Using Docker Compose (Recommended)

Create docker-compose.yml:

version: '3.8'

services:
  postgres:
    image: postgres:15-alpine
    container_name: jobloop-postgres
    environment:
      POSTGRES_DB: jobloop
      POSTGRES_USER: postgres
      POSTGRES_PASSWORD: yourpassword
    ports:
      - "5432:5432"
    volumes:
      - postgres_data:/var/lib/postgresql/data
    healthcheck:
      test: ["CMD-SHELL", "pg_isready -U postgres"]
      interval: 10s
      timeout: 5s
      retries: 5

  jobloop:
    build: .
    container_name: jobloop-app
    ports:
      - "8081:8081"
    environment:
      ANTHROPIC_API_KEY: ${ANTHROPIC_API_KEY}
      DB_HOST: postgres
      DB_PORT: 5432
      DB_USER: postgres
      DB_PASSWORD: yourpassword
      DB_NAME: jobloop
    depends_on:
      postgres:
        condition: service_healthy
    restart: unless-stopped

volumes:
  postgres_data:

Run with:

docker-compose up -d

API Reference

The HTTP server runs on port 8081 and provides the following endpoints:

Health Check

GET /health

Response:

{
  "status": "ok",
  "time": "2026-02-03T10:30:00Z"
}

Get Database Statistics

GET /api/state

Response:

{
  "companies": 50,
  "jobs": 1247,
  "timestamp": "2026-02-03T10:30:00Z"
}

List Companies

GET /api/companies?limit=50&offset=0

Query Parameters:

limit (optional): Number of results (1-100, default: 50)
offset (optional): Pagination offset (default: 0)

Response:

{
  "data": [
    {
      "id": 1,
      "company_name": "Acme Corp",
      "company_url": "https://acme.com",
      "visited": true,
      "testimonial_scraped": true,
      "job_scraped": true,
      "created_at": "2026-02-03T10:00:00Z"
    }
  ],
  "total": 50,
  "limit": 50,
  "offset": 0
}

List Jobs

GET /api/jobs?limit=50&offset=0&company_id=1

Query Parameters:

limit (optional): Number of results (1-100, default: 50)
offset (optional): Pagination offset (default: 0)
company_id (optional): Filter by specific company

Response:

{
  "data": [
    {
      "id": 1,
      "seed_company_id": 1,
      "job_title": "Senior Software Engineer",
      "job_url": "https://acme.com/careers/senior-swe",
      "created_at": "2026-02-03T10:15:00Z"
    }
  ],
  "total": 25,
  "limit": 50,
  "offset": 0
}

Project Structure

JobLoop/
├── cmd/
│   └── api/
│       └── main.go              # Application entry point
├── internal/
│   ├── config/                  # Configuration files
│   ├── database/
│   │   └── database_service.go  # Database connection & setup
│   ├── interfaces/              # Interface definitions
│   ├── logger/
│   │   └── logger.go           # Structured logging setup
│   ├── models/                  # Data models & DTOs
│   ├── repository/              # Database operations
│   │   ├── job_repo.go
│   │   ├── seed_company_repo.go
│   │   └── testimonial_repo.go
│   ├── schema/
│   │   └── schema.go           # GORM database schemas
│   └── service/
│       ├── browser_service.go   # Playwright browser management
│       ├── error_service.go     # Error handling
│       ├── http_handler_service.go  # API endpoints
│       ├── scraper_service.go   # Job scraping logic
│       ├── search_service.go    # Claude Search integration
│       ├── seed_company_service.go  # Company scraping
│       ├── testimonial_service.go   # Testimonial scraping
│       └── vision_service.go    # Claude Vision AI integration
├── logs/                        # Application logs (gitignored)
├── .env                        # Environment variables (gitignored)
├── .gitignore
├── Dockerfile                   # Docker build configuration
├── go.mod                      # Go module definition
├── go.sum                      # Dependency checksums
└── README.md                   # This file

How It Works

1. Seed Company Discovery (Initial Bootstrap)

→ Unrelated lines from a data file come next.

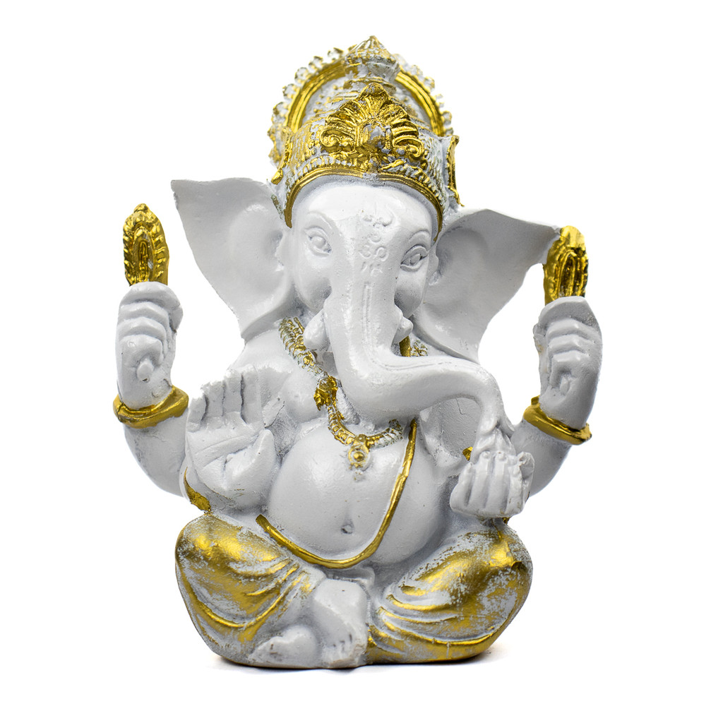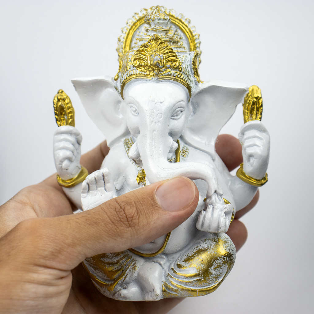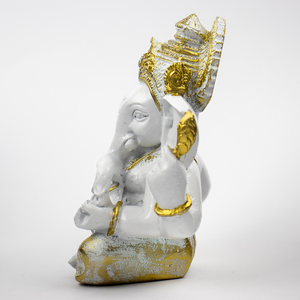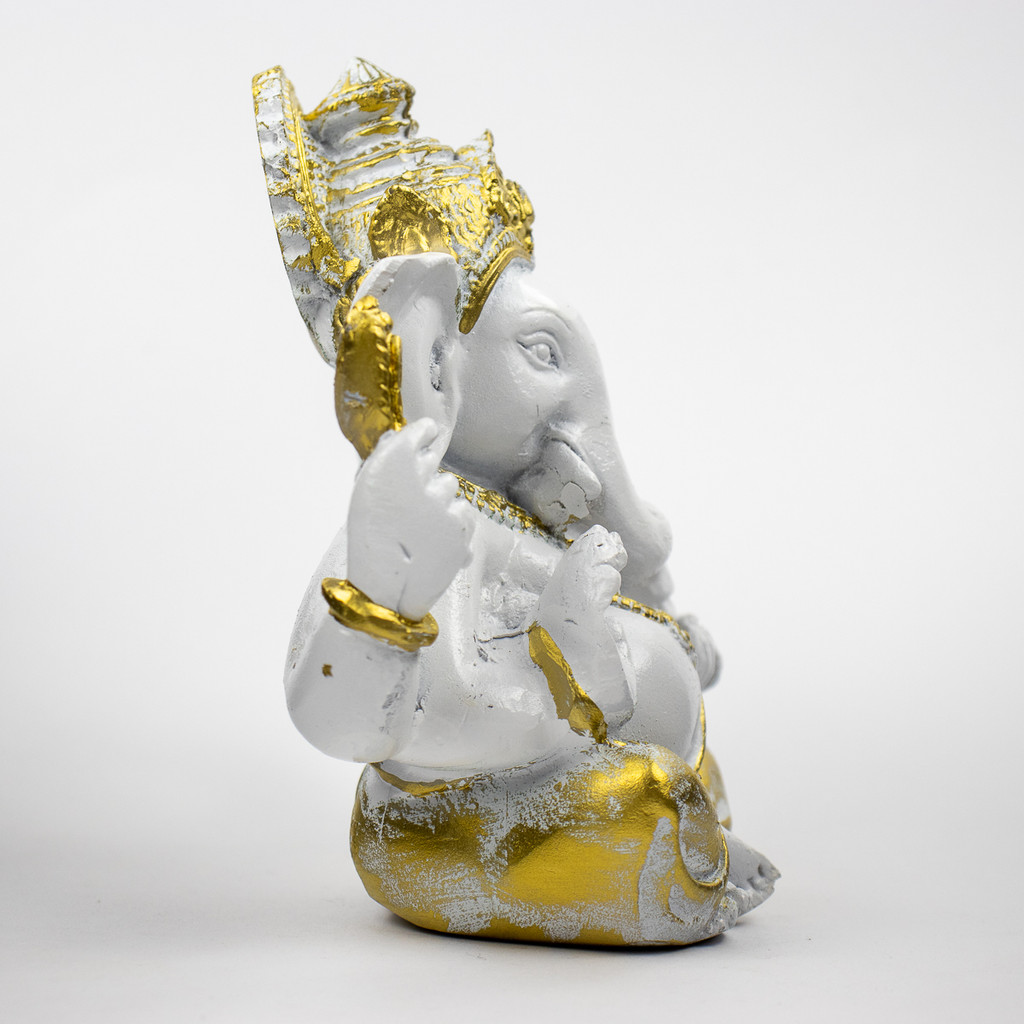 Escultura Ganesha Baby Meditando 11cm Branco Dourado Resina
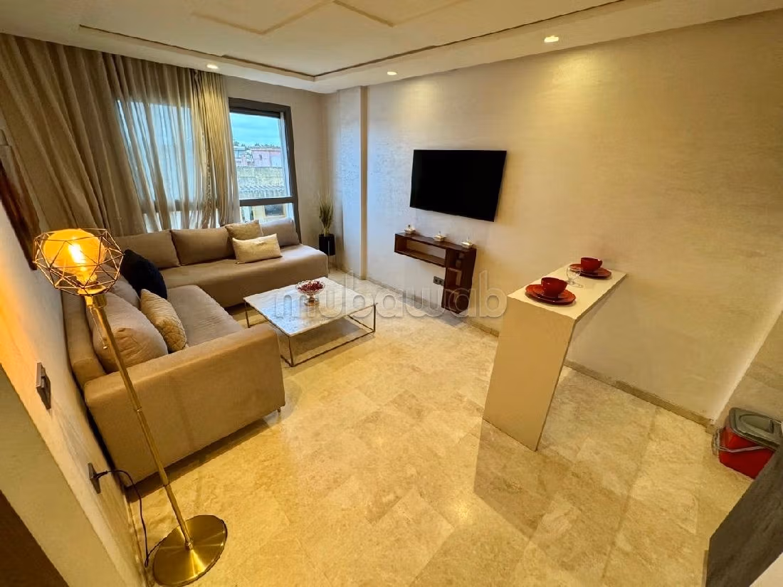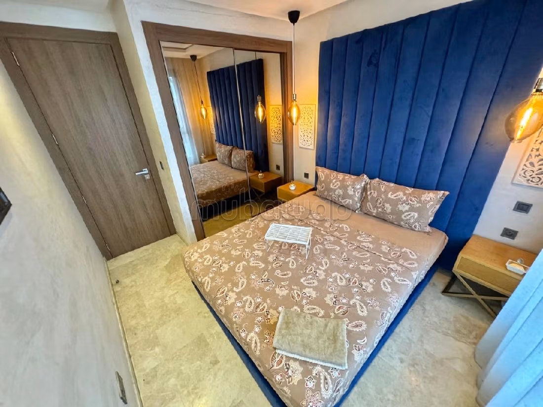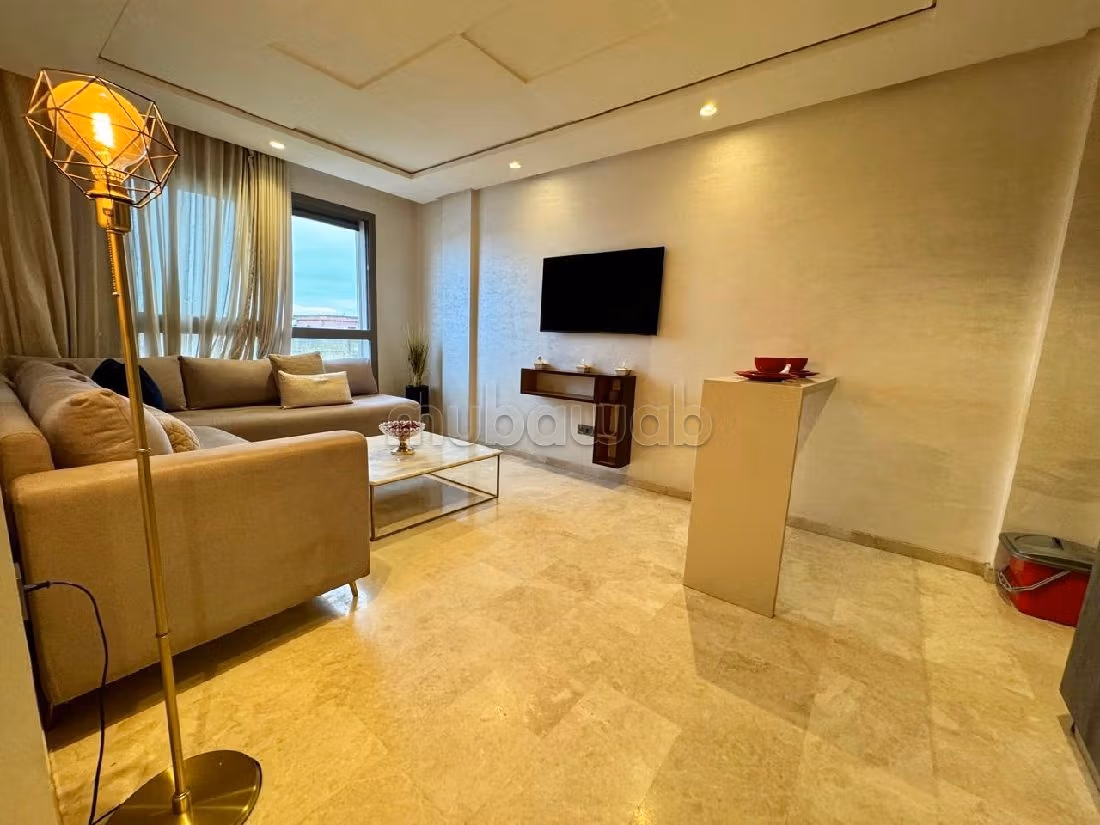 Louez l'appartement de vos rêves pour vos vacances. Prix 600 DH. 2 pièces, 1 salle de bains, superficie 50 m². 1 chambre. 2ème étage. Nouveau. Type de sol: Marbre. Nombres de nuits minimum 2. Décoration traditionnelle avec beau salon marocain. Le bien est également équipé d'une antenne parabolique et d'une porte blindée. La résidence est sécurisée.
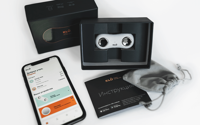 Миниатюрный девайс определит процент жира, мышечной массы, воды в организме, скорости метаболизма и индекса массы тела. Анализ происходит за счет биоимпеданса: поверхность трекера пропускает сквозь тело слабый электрический импульс и измеряет сопротивление различных тканей. На основе полученных данных KLU производит расчет обмена веществ, количества жира, мышечной массы, воды и других важных показателей.
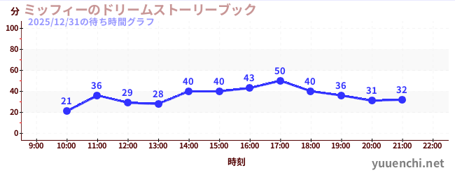 2025/12/31の待ち時間グラフ (ミッフィーのドリームストーリーブック)
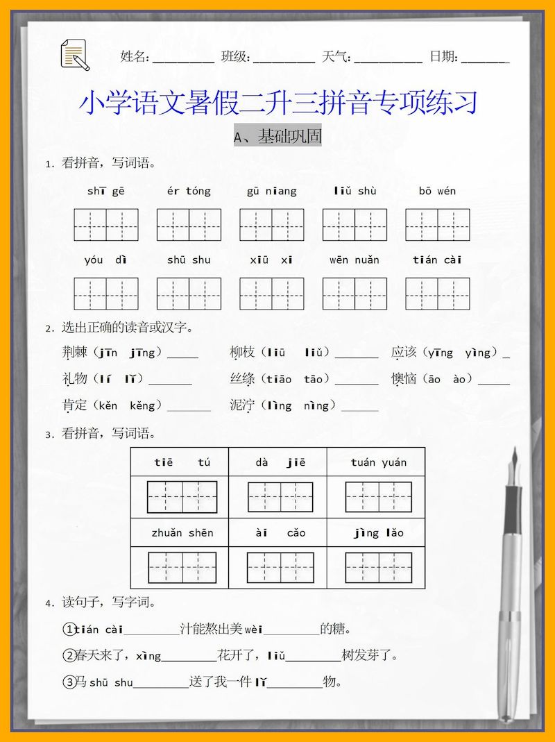 【二升三语文暑假】拼音专项练习 【二升三语文暑假】拼音专项练习
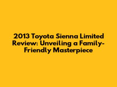 Hey guys! Let's dive deep into the 2013 Toyota Sienna Limited, a minivan that has, for years, been a top contender in the family vehicle game. We'll explore everything from its features and specs to its performance and overall value. Is this minivan a good buy in today's market? Let's find out! This review is designed to give you a comprehensive understanding of what makes the Sienna Limited stand out and whether it's the right choice for your family. We'll cover everything from the exterior design to the interior comfort and technology, ensuring you have all the information you need before making a decision. Ready? Let's get started!
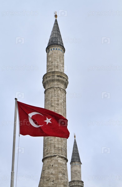 Турция, Стамбул, турецкий флаг и собор Святой Софии (построен в IV веке Константином Великим и реконструирован в VI веке Юстинианом)
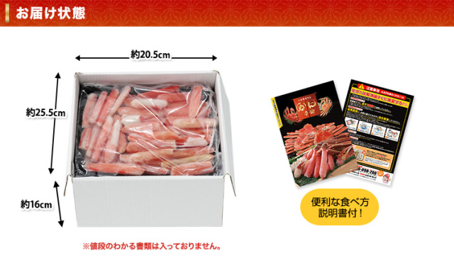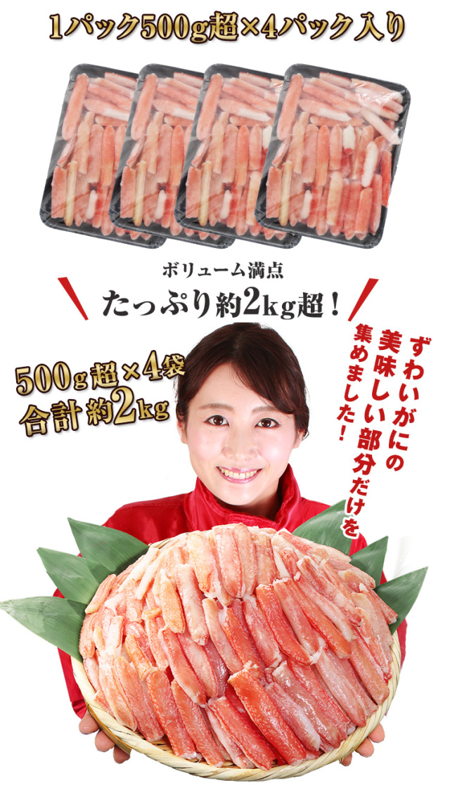 695:【刺身可】生ずわい脚肉むき身棒肉 2kg(総重量約2.4kg)
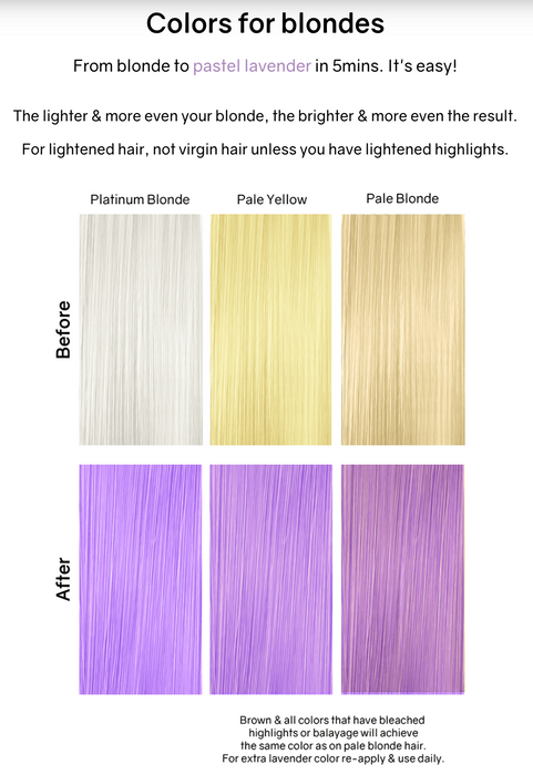 • Brown & all colors that have balayage or bleached highlights will achieve the same colors as on pale blonde hair.
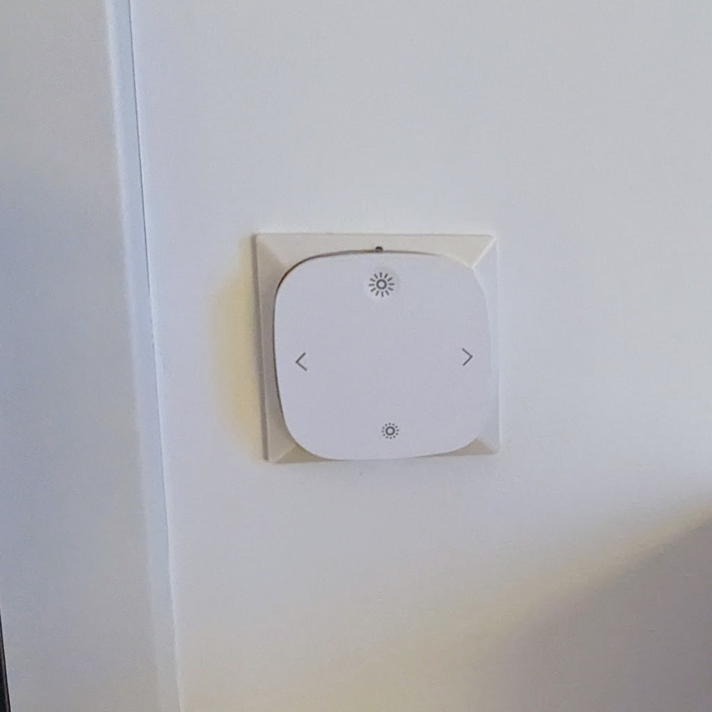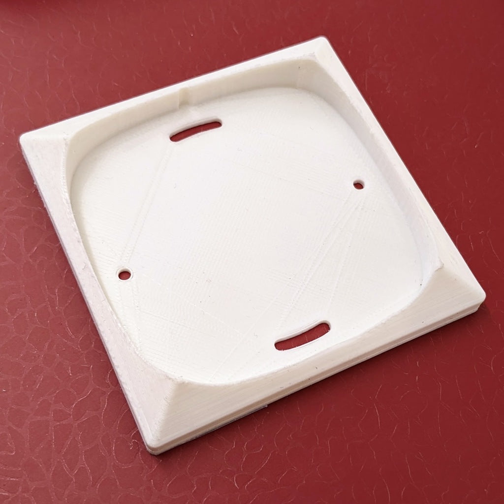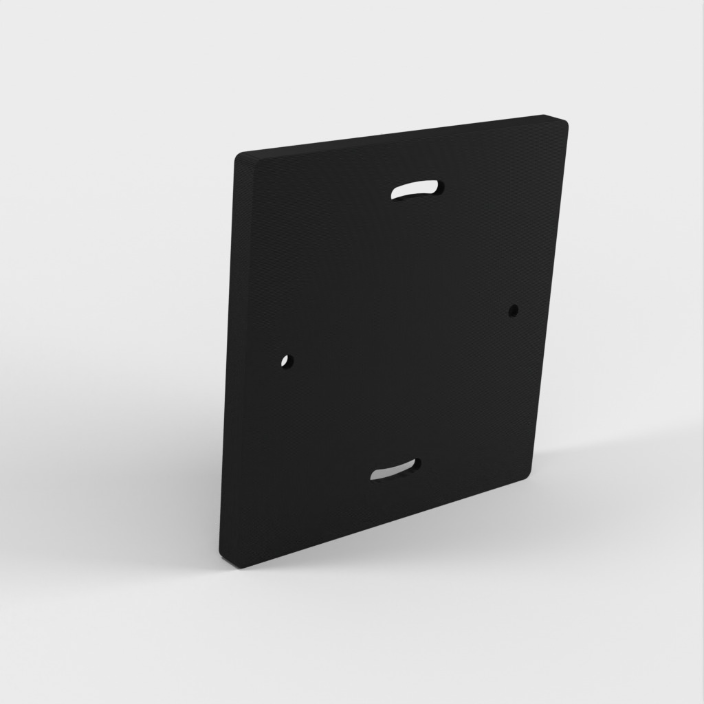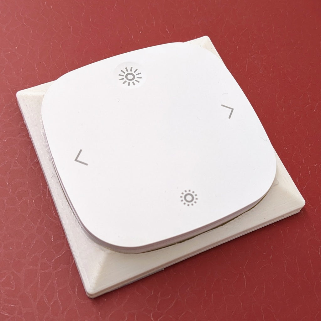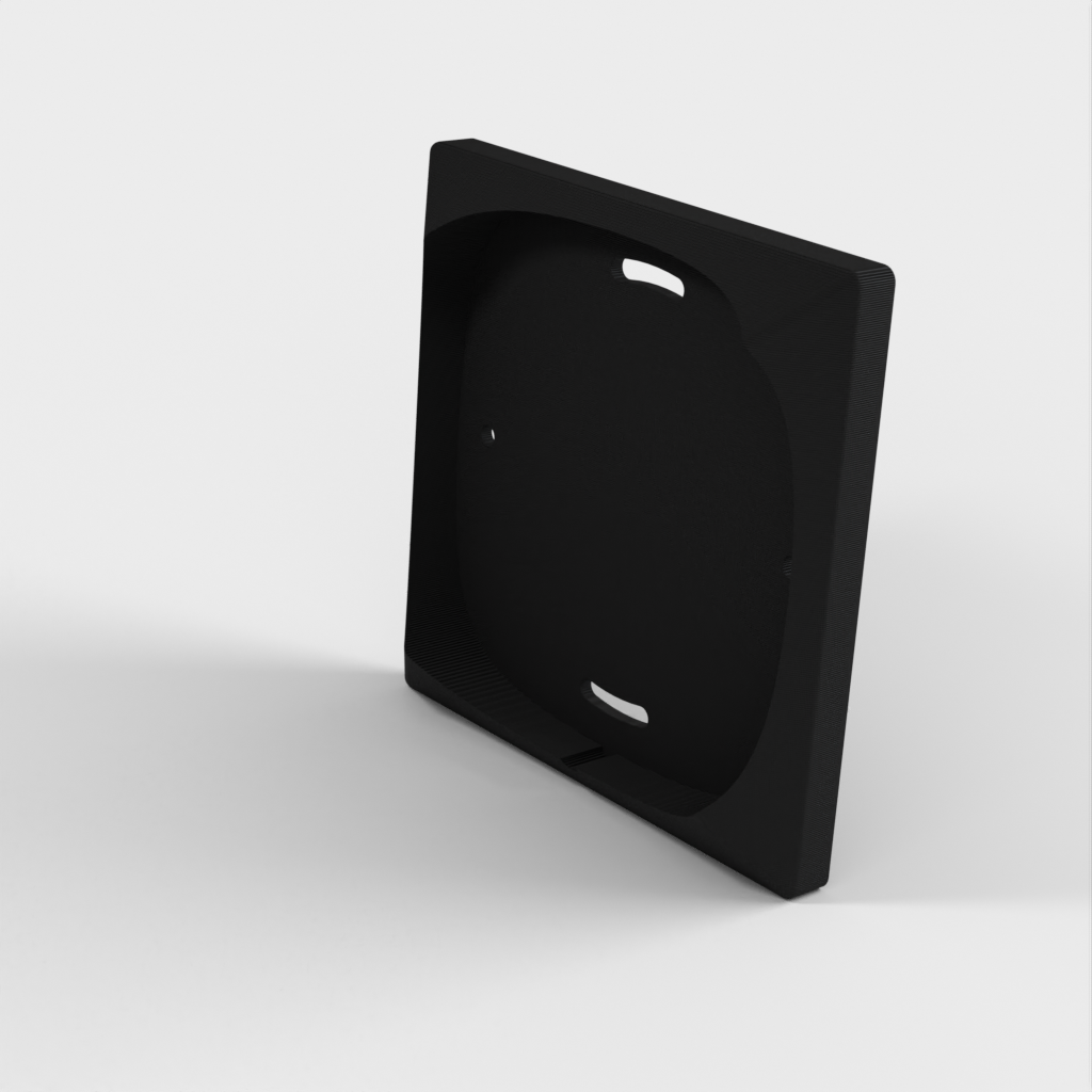 The STYRBAR Wall Mount is a mount for IKEA's STYRBAR smart home remote control, designed to easily replace the normal light switch location. This model has holes for mounting it on a standard 'Unterputzdose' (~recessed box). And because ours is uneven in the wall, the vertical holes are slotted.

JobLoop starts by scraping seed companies from:

Y Combinator Companies Directory (/companies)
Peerlist Jobs Board (/jobs)

For each source, it:

Uses Playwright to navigate to the listing page
Waits for JavaScript-rendered content to load
Extracts company names and URLs
Stores companies in PostgreSQL as seed companies with unique constraints

2. Job Scraping (Concurrent)

For each seed company, JobLoop concurrently:

Searches for the company's careers page
Scrapes available job listings (title, URL)
Stores jobs with a composite unique index on (seed_company_id, job_title)
Handles missing careers pages gracefully

3. Recursive Company Discovery via Testimonials (The Growth Engine)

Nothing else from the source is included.